Worauf Anni und Amelie sich besorgt ansehen. Was auch immer da draußen noch geschah, es könnte sehr wahrscheinlich gesundheitliche Folgen mit sich bringen. Und wenn ihnen hier unten die Hände gebunden sind und eine medizinische Versorgung nicht möglich ist, bleibt ihnen wohl nur noch zu hoffen. Hoffen, das sie es schnell genug hier raus schaffen. Lebend.
„Es tut mir leid... ich bin ein bisschen müde...", schafft Violene es, dann mit einem matten Grinsen wieder zu ihren Freundinnen zu sehen, „Wir sind... auf der Tiefseespalterinsel... mein Onkel... dieser Mann... ist ... oder nannte... sich mein Onkel. Aber... wir sind nicht... blutsverwandt... Er hat gelogen. All die Jahre. Er ist böse..."
Wieder wechseln Anni und Amelie ein paar Blicke miteinander. Dass sie nicht wirklich mit diesem Mann verwandt ist, hatten sie unterbewusst schon ein bisschen gehofft. Und das mit diesem Typen alles andere als zu spaßen ist, war ihnen auch schon bei seinem ersten Auftritt direkt klar. Nur der Name Tiefseespalter sagt ihnen nichts. Ob dieser Name mit diesem unheimlichen Sog zusammenhängen könnte, welcher sie zur Notlandung auf die Insel zwang?

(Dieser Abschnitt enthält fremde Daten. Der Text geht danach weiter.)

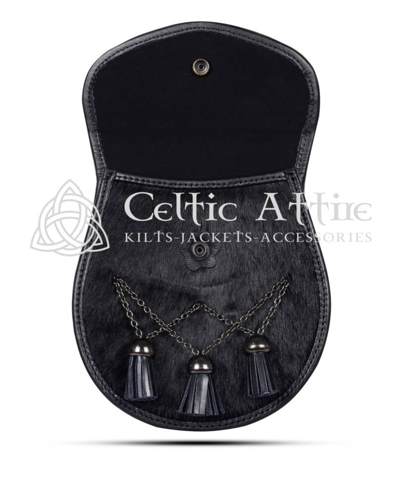 Designed for versatility, the Cross Tassels Bovine Sporran features three decorative black leather tassels with metal chains, adding movement and flair to your look. Measuring 7″ x 9″, it provides ample space for your essentials while maintaining a compact silhouette. Whether you’re attending a wedding, a festive celebration, or a formal event, the Black Rabbit Fur Sporran is the ideal accessory to complete your outfit with a touch of Scottish charm and elegance.

Viele Fragen brennen den beiden jungen Reiterinnen auf der Seele, doch als sie den Blick heben und wieder zu Violene sehen hat diese die Augen geschlossen und scheint ruhig ein und auszuatmen. Die Müdigkeit hat die braunhaarige Reiterin nun endgültig eingeholt und fest im Griff. Noch nicht ganz sicher, wie schlau es wäre selbst auch die Augen für ein paar Stunden Schlaf zu schließen, machen Anni und Amelie es sich selbst wieder an der kalten Felswand gemütlich und setzen sich hin. Auch nicht lange brauchend, bis der Schlaf sie einholt.